We evaluate MaGNet-BN on seven  publicly available dynamic graph datasets spanning six real-world domains: traffic (2), mobility, social media, e-mail, energy, and retail. Table 1 summarizes their statistics.
  • METR-LA and PeMS-BAY—minute-level road-traffic speeds from loop detectors in Los Angeles and the Bay Area ( T = 34 , 272 and 52 , 560 snapshots) [1].
  • TwitterRC—2160 hourly snapshots of retweet/mention interactions among 22,938 users [41].
  • Enron-Email—194 weekly snapshots of corporate e-mail exchanges (150,028 nodes) [42].
  • ETH+UCY—3588 twelve-second pedestrian-interaction graphs recorded in public scenes [43].
  • ELD-2012—8760 hourly power-consumption graphs (370 smart-meter clients) extracted from the ElectricityLoadDiagrams20112014 dataset [44].
  • M5-Retail—1941 daily sales-correlation graphs covering 3049 Walmart items [2].
All datasets are split 70%/15%/15% (train/val/test) in chronological order.

4.2. Baselines

We compare MaGNet-BN with seven representative baselines, carefully chosen to cover the three research threads intertwined in our task—time series forecasting, dynamic graph learning, and uncertainty-aware community detection. Table 2 summarizes how they span these facets.

4.2.1. Sequence-Forecasting Baselines (Graph-Agnostic)

  • DeepAR [9]. Autoregressive LSTM with Gaussian output quantiles; a de facto standard for univariate/multivariate probabilistic forecasting. Why: sets the reference point for purely temporal models without spatial bias.
  • MC-Drop LSTM [6]. Injects dropout at inference to sample from the weight posterior—simple yet strong Bayesian baseline. Why: isolates the benefit of explicit epistemic uncertainty without graph information.
  • Temporal Fusion Transformer (TFT) [8]. Multi-head attention, static covariates, and gating; current SOTA on many time series leaderboards. Why: strongest recent non-graph forecaster.
  • DCRNN [1]. Diffusion convolution on a fixed sensor adjacency, followed by seq2seq GRU. Why: canonical example of static-graph-aware spatiotemporal forecasting.
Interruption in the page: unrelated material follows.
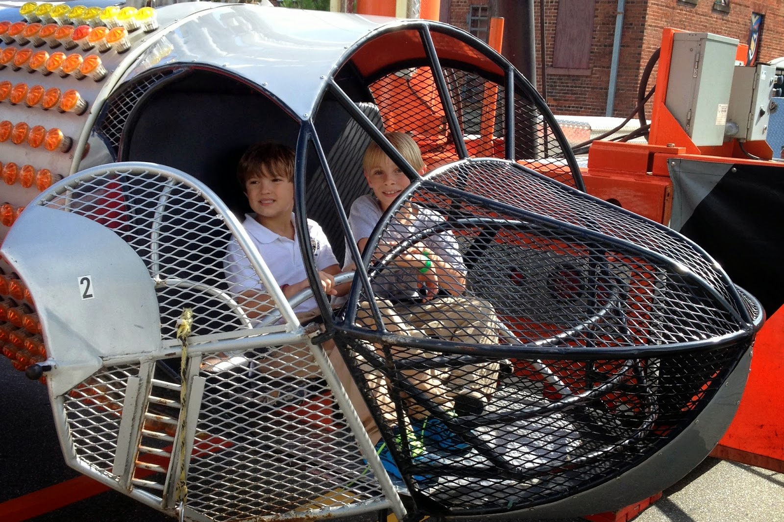 Every fall, we head over to the local festival in town the weekend after Labor Day. We usually go on Friday night and let the boys ride some rides, jump on the inflatables, and enjoy some fair treats. This year P was tall enough to ride the bullet, so he rode that several times with his buddies while I stood by and tried not to experience heart failure. We went to dinner with some friends before heading home Friday evening. The transition back to school always reminds me how much I enjoy family time on the weekends!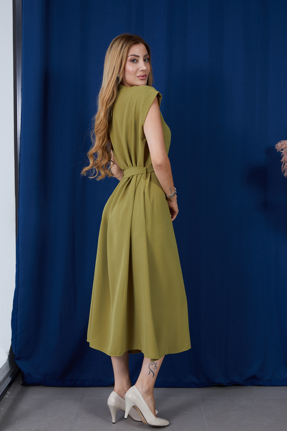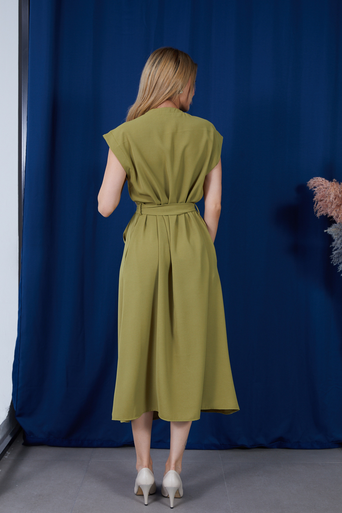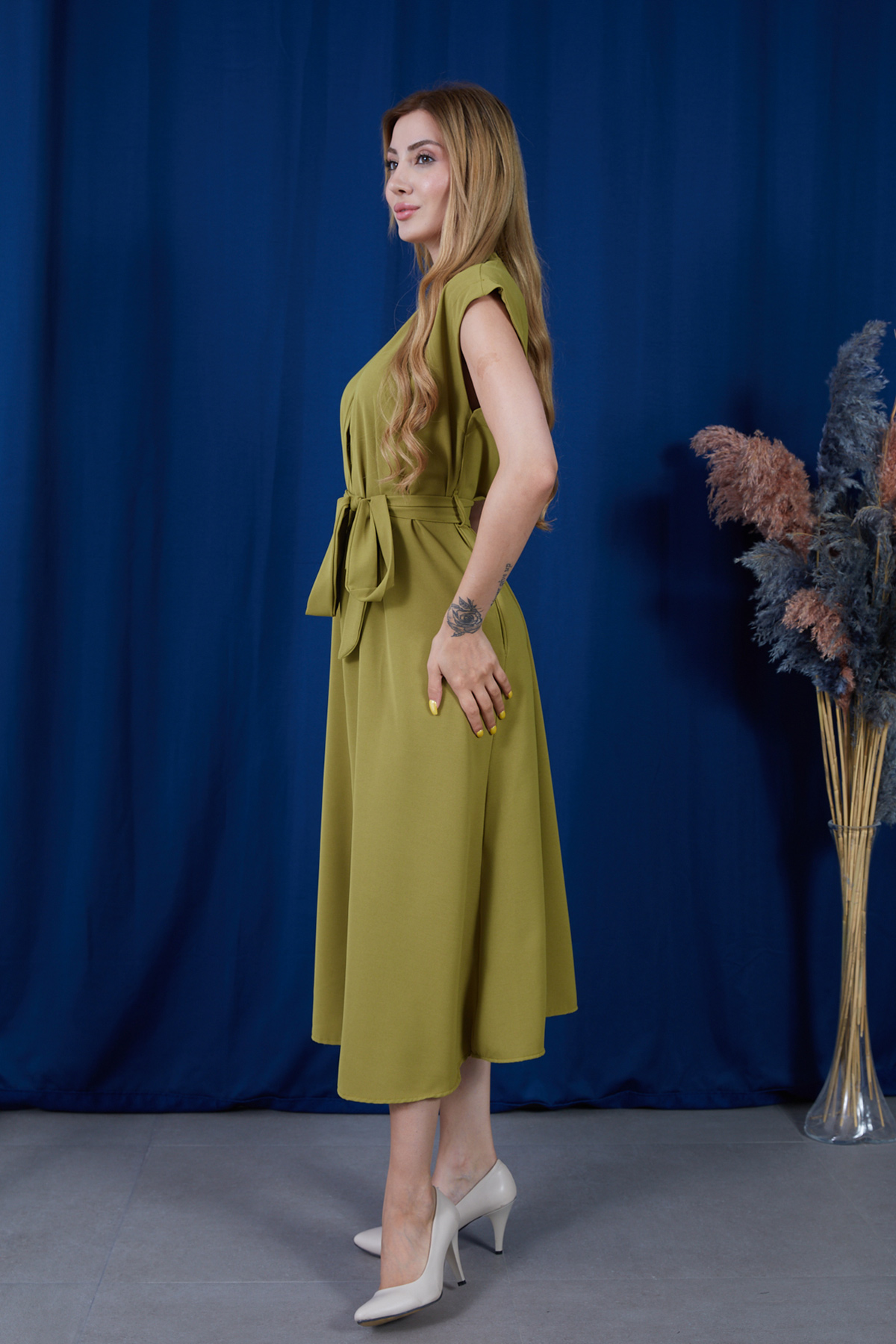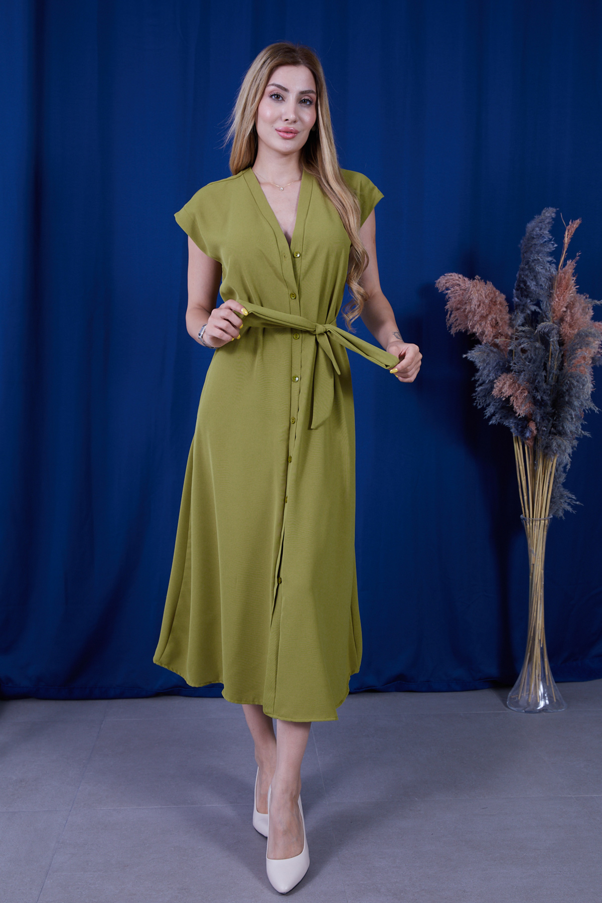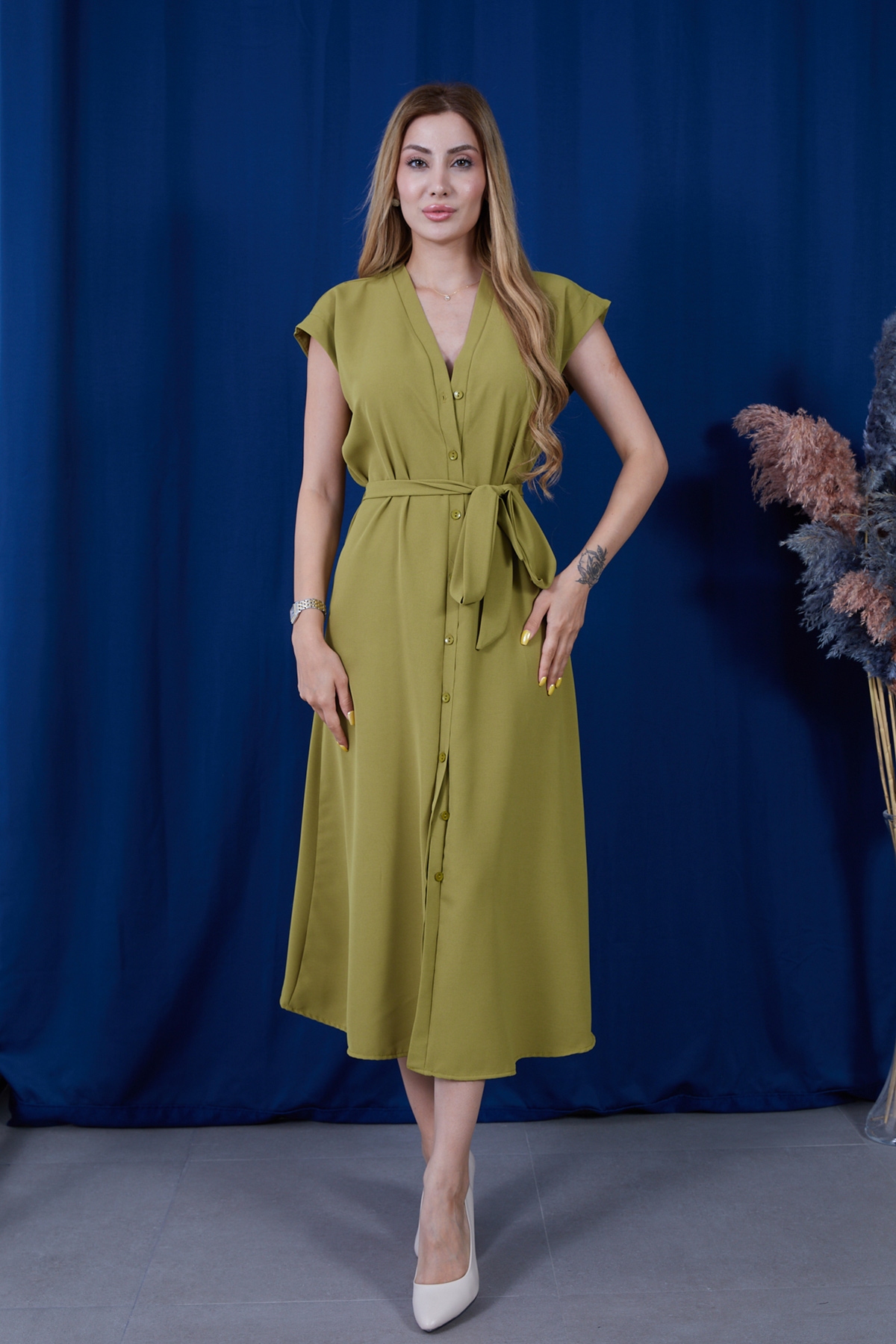 Geniş Kalıp Kuşaklı Önü Düğmeli Linda Kumaş Elbise-Yağ Yeşili

4.2.2. Dynamic Graph Baselines

  • DySAT [45]. Self-attention across structural and temporal dimensions; acquires snapshot-specific embeddings. Why: early but influential method; serves as the “attention-without-memory’’ extreme.
  • TGAT [5]. Time-encoding kernels plus graph attention, enabling continuous-time message passing. Why: tests whether high-resolution event timing alone suffices for our coarse snapshot setting.
  • TGN [41]. Memory modules store node histories and are updated by temporal messages; often SOTA on link prediction. Why: strongest publicly available dynamic-GNN with memory.
All baselines inherit the preprocessing in Section 4.1. Evaluation covers structural coherence (Modularity [46], and temporal ARI [47]) by re-clustering last-layer embeddings with the unified pipeline of Section 1.

4.2.3. Hyperparameter Tuning of Baselines

For all baseline models, including TGN, we conducted validation sweeps over key hyperparameters (e.g., hidden dimensionality, learning rate, number of layers, memory size for TGN). The final configuration for each baseline was chosen to minimize the mean squared error (MSE) on the validation set. A summary of these settings is provided in Table 3.

4.3. Implementation Details

All experiments are carried out in Python 3.10 using PyTorch 2.2 and PyTorch Geometric 2.5 on a single NVIDIA A100-80GB GPU. Random seeds are fixed to ensure replicability.

4.3.1. Snapshot Construction

For every dataset, we slide a fixed-length window over the raw sequence to build overlapping graph snapshots:
  • METR-LA, PeMS-BAY: L = 12 (minute-level, 12 min horizon)
  • TwitterRC: L = 24 (1 h bins, one-day horizon)
  • Enron-Email: L = 4 (weekly bins, one-month horizon)
  • ETH+UCY: L = 8 (12 s bins, 96 s horizon)
  • ELD-2012: L = 96 (hourly bins, 4-day horizon)
  • M5-Retail: L = 56 (daily bins, 8-week horizon)
A cosine k-nearest-neighbor graph with k = 10 is constructed in each window, and P = high-PageRank prototypes are selected per community to serve as temporal anchors.

4.3.2. Model Hyperparameters

The Bayesian encoder is a two-layer GCN with hidden dimension d = 128 ; KL-annealed variational inference uses M = 3 Monte Carlo samples per snapshot. The PPO agent employs a lightweight actor–critic (two 64-unit MLPs) and performs an update after every 32 boundary nodes. This simple multi-layer perceptron design for the participant–commentator networks in the PPO stage was chosen to maintain low computational cost and training stability, while still satisfying the requirements of our tasks and datasets. Although more complex architectures could be explored, our preliminary tests indicated that this lightweight structure was sufficient. We optimize with AdamW ( η = 3 × 10 4 , weight-decay 10 2 ) and a cosine learning-rate schedule; early stopping patience is 20 epochs.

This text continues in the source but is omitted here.